[avr-libc-dev] RFC: avr/bits.h

[Erik Walthinsen]

As per E. Weddinton's suggestion a month ago, I'd like to start the 
process of getting avr/bits.h included in avr-libc.  A first pass at the 
file and its documentation are attached.

The first macro is BIT(), requested by a number of people as a 
replacement for the not-so-obviously-named _BV(), which is nominally an 
internal-use-only macro according to its leading underscore.

The bit_[set/clear/toggle/read]() macros all accept a single bit 
position, and use the BIT() macro internally.  Eric had listed a whole 
set of macros for various bit widths, with the un-specified form 
referring to the byte-wide versions, but afaict this is not necessary. 
Tests I ran against gcc 3.4.3 showed that the compiler does not appear 
over-promote constants, so it will produce optimal code as required for 
the operand size.

(Mostly: twiddle bits in only one byte of a uint16_t and it loads/stores 
both bytes but only modifies one of them.  Not sure if this is desirable 
or necessary, as per the 16-bit write debate in avr-gcc-list atm.)

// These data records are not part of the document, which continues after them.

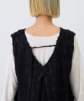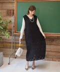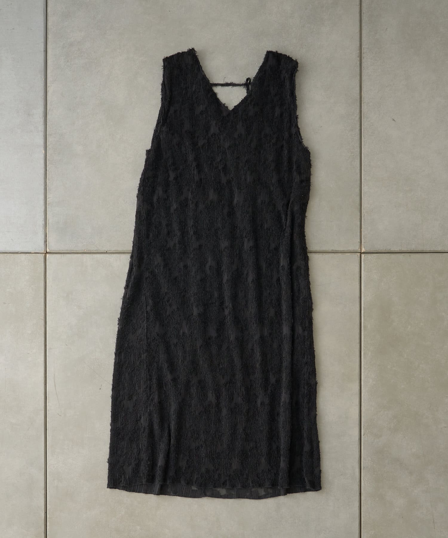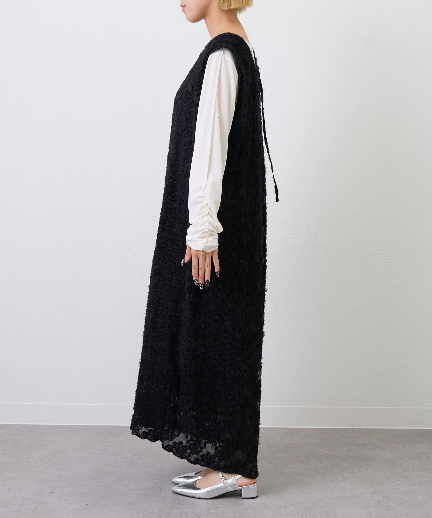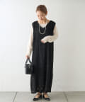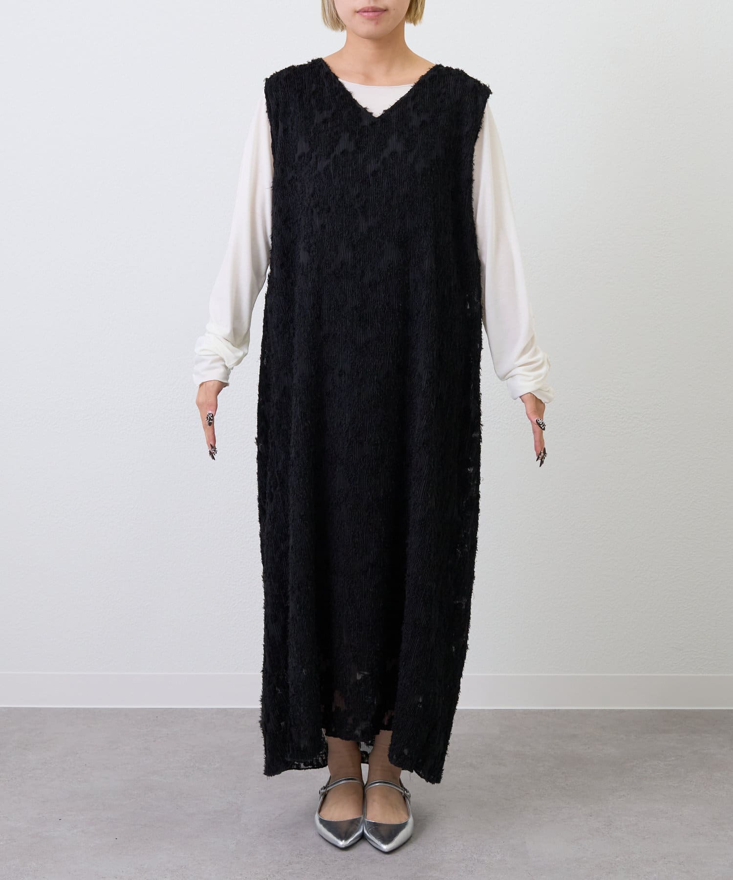 バックデザインや足元の透け感にもこだわった女性らしい1着。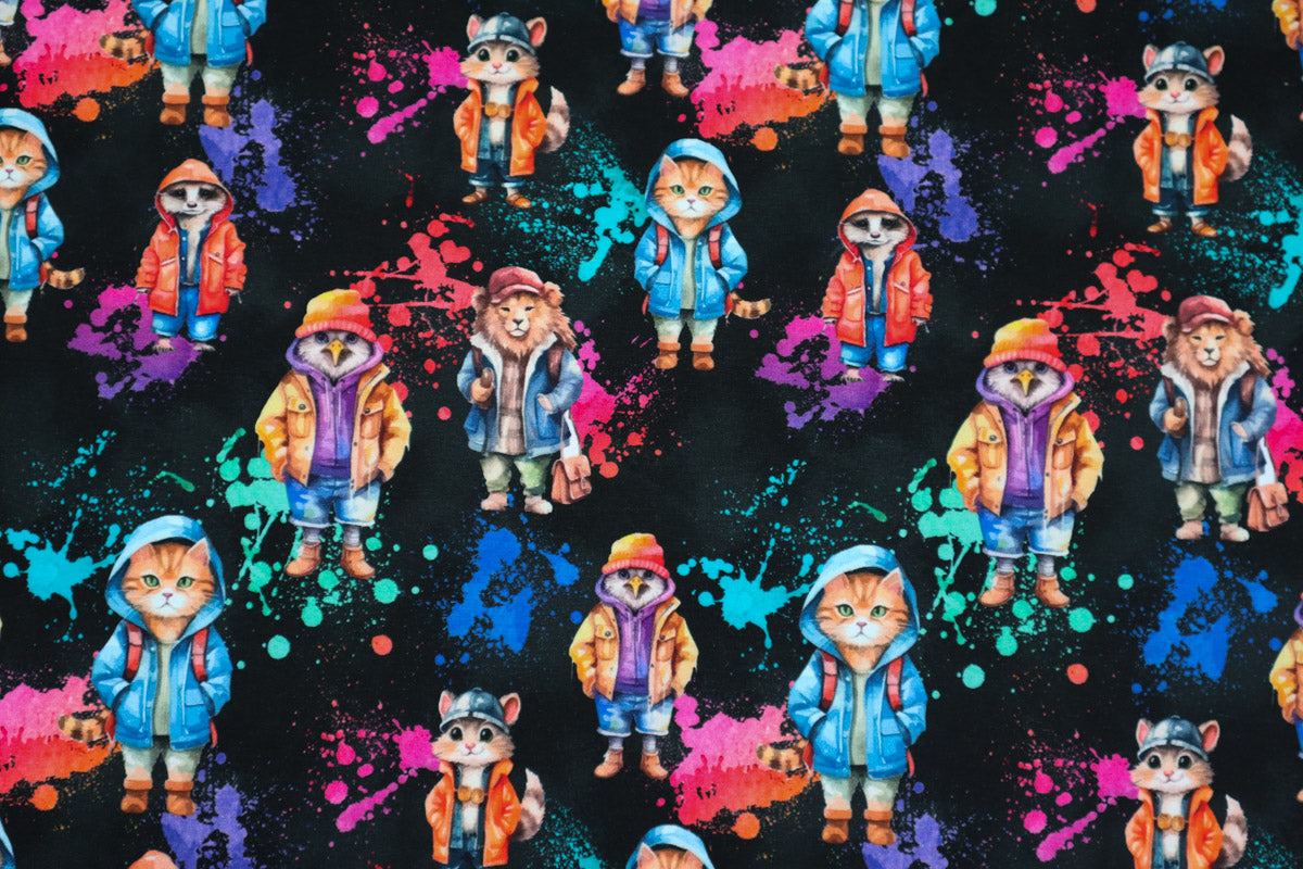 Kleine Mäuse, Füchse, Hunde & Co in angesagten Klamotten mit bunten Farbklecksen in Hintergrund.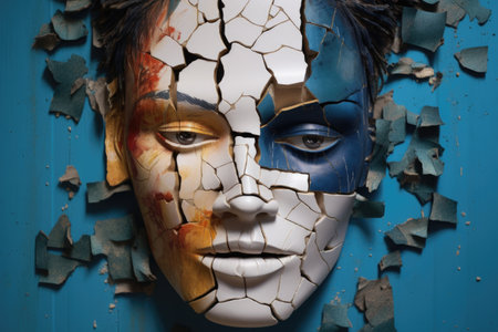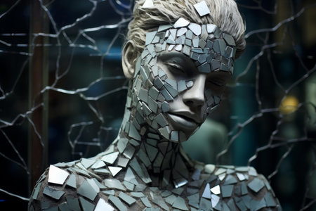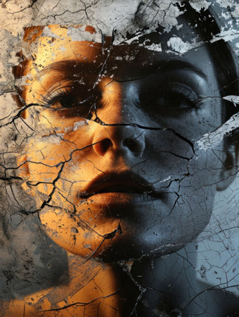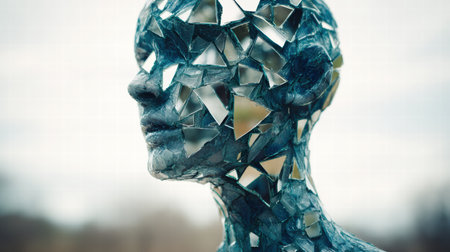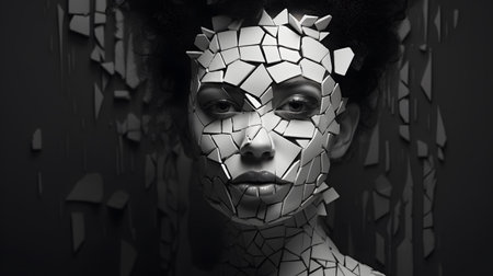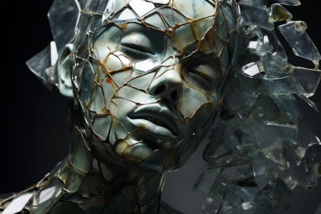 Shattered glass reflects a fragmented and expressive face highlighting emotions and intricate details of a gaze. Generative AI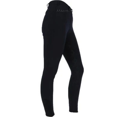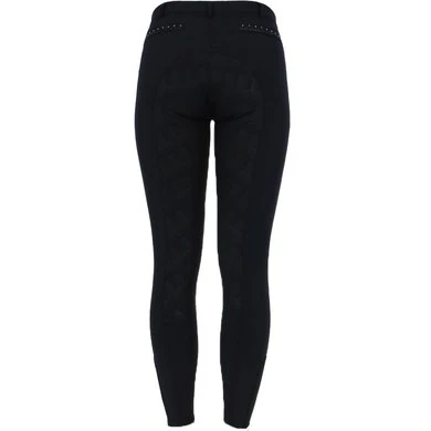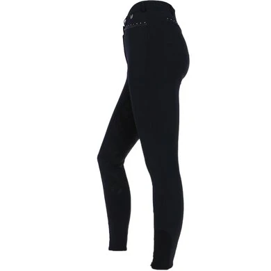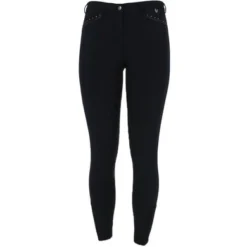 De Alexa is een damesrijbroek van comfortabel micropolyester. De broek heeft een flatterende pasvorm en een middelhoge tailleband. Subtiele glittertape en kristallen steentjes geven het een verfijnde uitstraling. De broek heeft twee voorzakken met ritssluiting, diep genoeg om een mobiele telefoon op te bergen, en twee nep achterzakken. Een matte siliconen zitvlak zorgt voor een goede grip in het zadel.

The bit_[set/clear/toggle/read]_mask() macros all accept a straight 
integer operand that is applied to the register as appropriate.  This 
allows:

bit_set_mask(PORTB, BIT(2) | BIT(4));

Question: should they be named e.g. bit_set_mask() or bit_mask_set()?

Finally, I've included a gcc-ism (which other compilers will silently 
ignore as per the C spec) that "poisons" the old sbi/cbi macros.  This 
means that if you attempt to compile something that has not been 
converted yet, you will get:

test.c:14:3: attempt to use poisoned "sbi"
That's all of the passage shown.